--- START ---

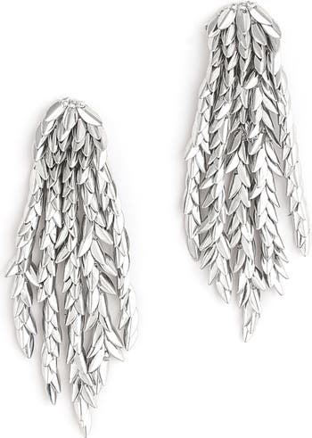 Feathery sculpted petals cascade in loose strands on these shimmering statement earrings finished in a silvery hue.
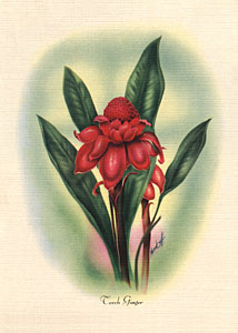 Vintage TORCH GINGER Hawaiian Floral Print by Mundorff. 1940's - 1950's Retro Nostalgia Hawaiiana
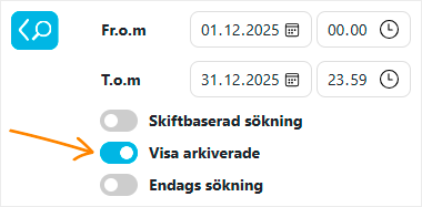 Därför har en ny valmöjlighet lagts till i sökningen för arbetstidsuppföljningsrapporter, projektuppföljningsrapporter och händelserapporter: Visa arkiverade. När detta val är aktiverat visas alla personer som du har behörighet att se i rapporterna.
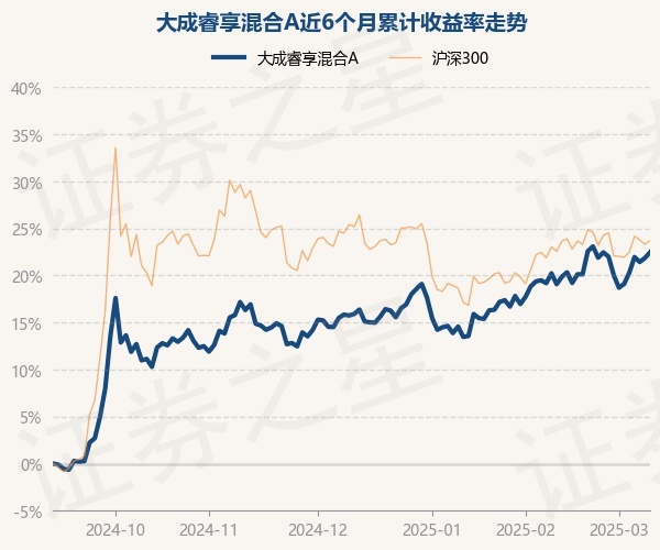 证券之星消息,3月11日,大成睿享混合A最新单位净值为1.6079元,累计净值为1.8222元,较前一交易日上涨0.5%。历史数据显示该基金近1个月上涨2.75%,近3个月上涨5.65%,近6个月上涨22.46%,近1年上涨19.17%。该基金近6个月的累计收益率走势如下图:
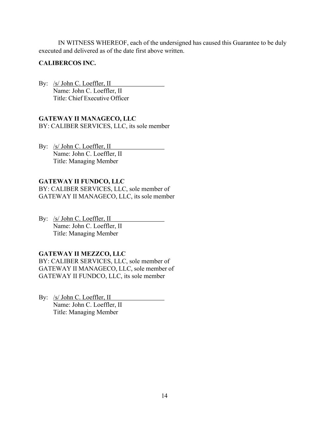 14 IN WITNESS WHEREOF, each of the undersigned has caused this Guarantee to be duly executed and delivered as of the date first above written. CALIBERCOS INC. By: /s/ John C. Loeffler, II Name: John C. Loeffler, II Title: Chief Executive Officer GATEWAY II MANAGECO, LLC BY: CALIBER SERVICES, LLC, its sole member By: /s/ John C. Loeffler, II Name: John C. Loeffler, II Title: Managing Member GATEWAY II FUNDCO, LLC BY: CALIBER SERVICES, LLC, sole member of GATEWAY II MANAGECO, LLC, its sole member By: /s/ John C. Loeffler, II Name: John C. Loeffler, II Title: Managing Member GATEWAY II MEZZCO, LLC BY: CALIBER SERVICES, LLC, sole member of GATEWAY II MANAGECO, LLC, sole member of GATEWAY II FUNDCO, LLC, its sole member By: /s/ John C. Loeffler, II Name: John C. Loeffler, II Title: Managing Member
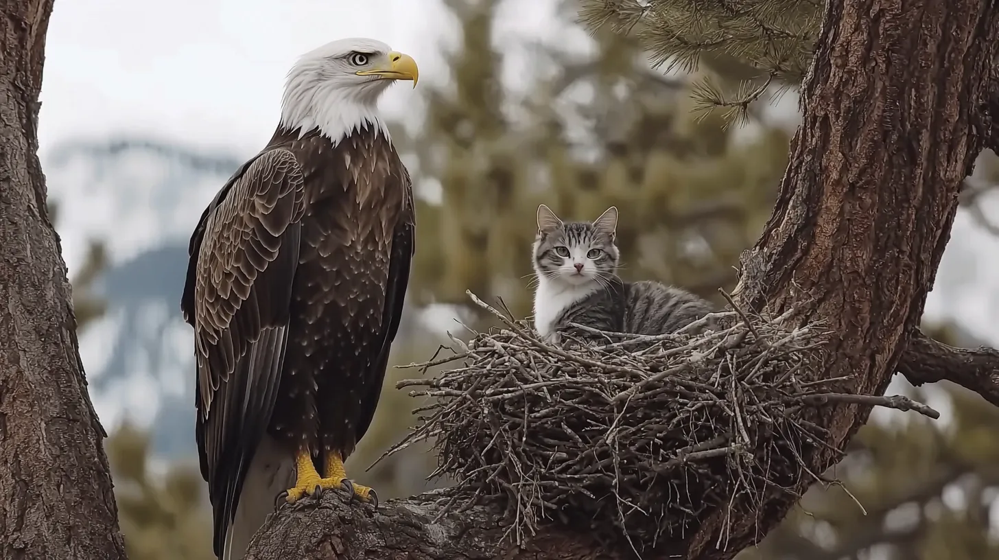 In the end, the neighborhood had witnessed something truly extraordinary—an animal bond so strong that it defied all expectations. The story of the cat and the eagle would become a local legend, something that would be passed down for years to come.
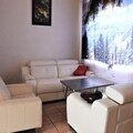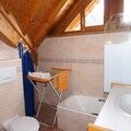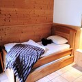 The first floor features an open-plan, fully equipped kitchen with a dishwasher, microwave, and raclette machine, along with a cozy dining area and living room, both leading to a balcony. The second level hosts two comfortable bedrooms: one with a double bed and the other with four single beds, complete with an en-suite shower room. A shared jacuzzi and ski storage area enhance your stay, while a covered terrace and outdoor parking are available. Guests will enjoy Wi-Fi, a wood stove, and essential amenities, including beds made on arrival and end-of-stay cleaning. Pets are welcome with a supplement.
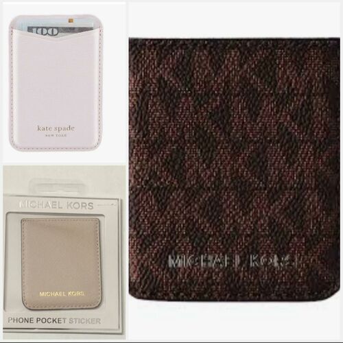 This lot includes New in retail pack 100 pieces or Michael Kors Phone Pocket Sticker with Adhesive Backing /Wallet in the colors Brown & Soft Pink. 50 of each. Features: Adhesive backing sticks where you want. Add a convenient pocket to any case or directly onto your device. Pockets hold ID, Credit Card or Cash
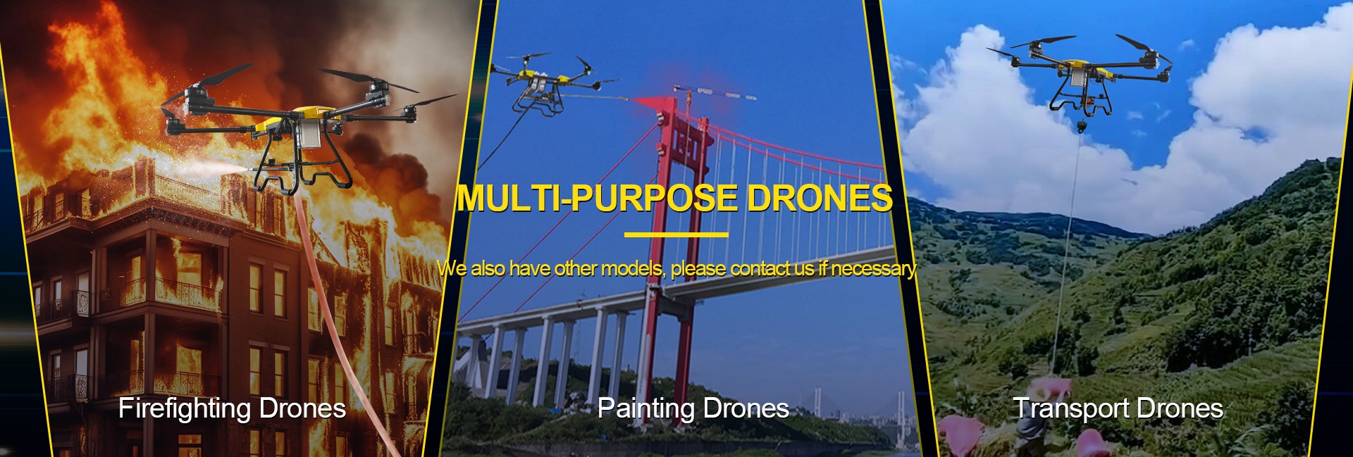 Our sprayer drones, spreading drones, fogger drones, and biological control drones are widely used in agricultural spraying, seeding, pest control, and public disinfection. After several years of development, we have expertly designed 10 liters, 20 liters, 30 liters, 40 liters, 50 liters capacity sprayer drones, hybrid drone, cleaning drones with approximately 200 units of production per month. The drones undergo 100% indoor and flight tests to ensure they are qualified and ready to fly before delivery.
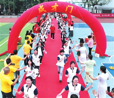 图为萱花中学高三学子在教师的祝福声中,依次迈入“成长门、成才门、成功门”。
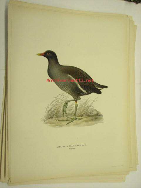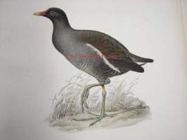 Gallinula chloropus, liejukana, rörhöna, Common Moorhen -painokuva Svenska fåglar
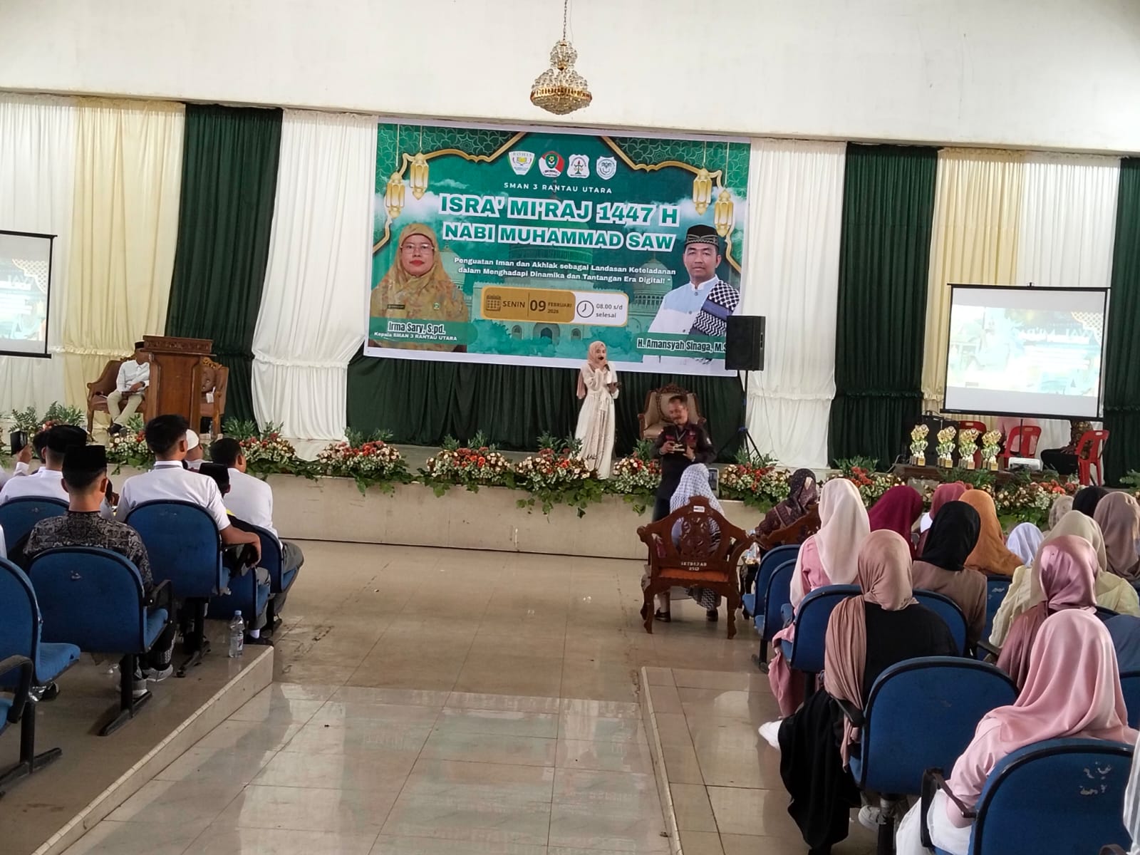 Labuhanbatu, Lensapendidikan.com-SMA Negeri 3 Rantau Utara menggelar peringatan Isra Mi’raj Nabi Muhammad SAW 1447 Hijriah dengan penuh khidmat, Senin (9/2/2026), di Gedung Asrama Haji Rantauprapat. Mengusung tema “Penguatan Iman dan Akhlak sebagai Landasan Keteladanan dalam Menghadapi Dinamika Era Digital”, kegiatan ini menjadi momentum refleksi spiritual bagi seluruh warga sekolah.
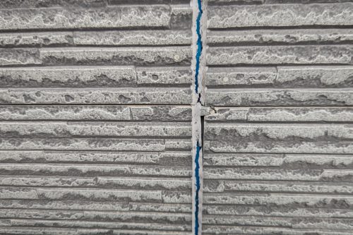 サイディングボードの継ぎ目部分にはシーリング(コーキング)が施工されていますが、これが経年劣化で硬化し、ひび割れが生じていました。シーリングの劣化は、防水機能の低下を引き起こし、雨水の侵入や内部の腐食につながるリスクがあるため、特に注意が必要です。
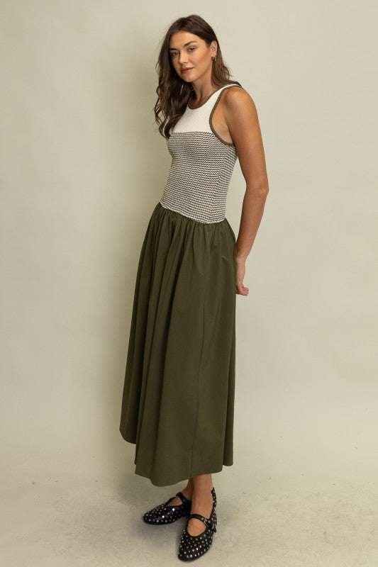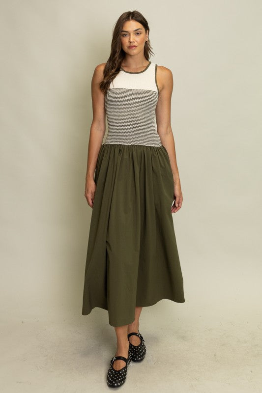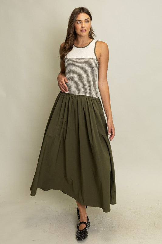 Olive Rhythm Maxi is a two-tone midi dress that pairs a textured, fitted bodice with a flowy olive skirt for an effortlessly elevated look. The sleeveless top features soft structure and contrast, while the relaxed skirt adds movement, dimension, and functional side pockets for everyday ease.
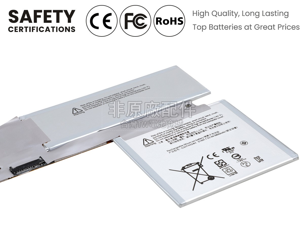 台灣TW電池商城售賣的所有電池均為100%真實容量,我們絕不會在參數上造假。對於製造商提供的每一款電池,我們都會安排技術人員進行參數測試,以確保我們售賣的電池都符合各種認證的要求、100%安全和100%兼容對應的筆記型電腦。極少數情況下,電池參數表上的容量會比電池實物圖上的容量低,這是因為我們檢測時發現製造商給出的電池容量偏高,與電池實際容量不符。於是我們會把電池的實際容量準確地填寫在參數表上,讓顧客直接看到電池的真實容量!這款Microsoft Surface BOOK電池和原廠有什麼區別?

--- END ---

YOUR ASSIGNMENT: All of the entries need to be copied exactly, minus any pictures.

ANSWER AREA:
 Feathery sculpted petals cascade in loose strands on these shimmering statement earrings finished in a silvery hue.
 Vintage TORCH GINGER Hawaiian Floral Print by Mundorff. 1940's - 1950's Retro Nostalgia Hawaiiana
 Därför har en ny valmöjlighet lagts till i sökningen för arbetstidsuppföljningsrapporter, projektuppföljningsrapporter och händelserapporter: Visa arkiverade. När detta val är aktiverat visas alla personer som du har behörighet att se i rapporterna.
 证券之星消息,3月11日,大成睿享混合A最新单位净值为1.6079元,累计净值为1.8222元,较前一交易日上涨0.5%。历史数据显示该基金近1个月上涨2.75%,近3个月上涨5.65%,近6个月上涨22.46%,近1年上涨19.17%。该基金近6个月的累计收益率走势如下图:
 14 IN WITNESS WHEREOF, each of the undersigned has caused this Guarantee to be duly executed and delivered as of the date first above written. CALIBERCOS INC. By: /s/ John C. Loeffler, II Name: John C. Loeffler, II Title: Chief Executive Officer GATEWAY II MANAGECO, LLC BY: CALIBER SERVICES, LLC, its sole member By: /s/ John C. Loeffler, II Name: John C. Loeffler, II Title: Managing Member GATEWAY II FUNDCO, LLC BY: CALIBER SERVICES, LLC, sole member of GATEWAY II MANAGECO, LLC, its sole member By: /s/ John C. Loeffler, II Name: John C. Loeffler, II Title: Managing Member GATEWAY II MEZZCO, LLC BY: CALIBER SERVICES, LLC, sole member of GATEWAY II MANAGECO, LLC, sole member of GATEWAY II FUNDCO, LLC, its sole member By: /s/ John C. Loeffler, II Name: John C. Loeffler, II Title: Managing Member
 In the end, the neighborhood had witnessed something truly extraordinary—an animal bond so strong that it defied all expectations. The story of the cat and the eagle would become a local legend, something that would be passed down for years to come.
 The first floor features an open-plan, fully equipped kitchen with a dishwasher, microwave, and raclette machine, along with a cozy dining area and living room, both leading to a balcony. The second level hosts two comfortable bedrooms: one with a double bed and the other with four single beds, complete with an en-suite shower room. A shared jacuzzi and ski storage area enhance your stay, while a covered terrace and outdoor parking are available. Guests will enjoy Wi-Fi, a wood stove, and essential amenities, including beds made on arrival and end-of-stay cleaning. Pets are welcome with a supplement.
 This lot includes New in retail pack 100 pieces or Michael Kors Phone Pocket Sticker with Adhesive Backing /Wallet in the colors Brown & Soft Pink. 50 of each. Features: Adhesive backing sticks where you want. Add a convenient pocket to any case or directly onto your device. Pockets hold ID, Credit Card or Cash
 Our sprayer drones, spreading drones, fogger drones, and biological control drones are widely used in agricultural spraying, seeding, pest control, and public disinfection. After several years of development, we have expertly designed 10 liters, 20 liters, 30 liters, 40 liters, 50 liters capacity sprayer drones, hybrid drone, cleaning drones with approximately 200 units of production per month. The drones undergo 100% indoor and flight tests to ensure they are qualified and ready to fly before delivery.
 图为萱花中学高三学子在教师的祝福声中,依次迈入“成长门、成才门、成功门”。
 Gallinula chloropus, liejukana, rörhöna, Common Moorhen -painokuva Svenska fåglar
 Labuhanbatu, Lensapendidikan.com-SMA Negeri 3 Rantau Utara menggelar peringatan Isra Mi’raj Nabi Muhammad SAW 1447 Hijriah dengan penuh khidmat, Senin (9/2/2026), di Gedung Asrama Haji Rantauprapat. Mengusung tema “Penguatan Iman dan Akhlak sebagai Landasan Keteladanan dalam Menghadapi Dinamika Era Digital”, kegiatan ini menjadi momentum refleksi spiritual bagi seluruh warga sekolah.
 サイディングボードの継ぎ目部分にはシーリング(コーキング)が施工されていますが、これが経年劣化で硬化し、ひび割れが生じていました。シーリングの劣化は、防水機能の低下を引き起こし、雨水の侵入や内部の腐食につながるリスクがあるため、特に注意が必要です。
 Olive Rhythm Maxi is a two-tone midi dress that pairs a textured, fitted bodice with a flowy olive skirt for an effortlessly elevated look. The sleeveless top features soft structure and contrast, while the relaxed skirt adds movement, dimension, and functional side pockets for everyday ease.
 台灣TW電池商城售賣的所有電池均為100%真實容量,我們絕不會在參數上造假。對於製造商提供的每一款電池,我們都會安排技術人員進行參數測試,以確保我們售賣的電池都符合各種認證的要求、100%安全和100%兼容對應的筆記型電腦。極少數情況下,電池參數表上的容量會比電池實物圖上的容量低,這是因為我們檢測時發現製造商給出的電池容量偏高,與電池實際容量不符。於是我們會把電池的實際容量準確地填寫在參數表上,讓顧客直接看到電池的真實容量!這款Microsoft Surface BOOK電池和原廠有什麼區別?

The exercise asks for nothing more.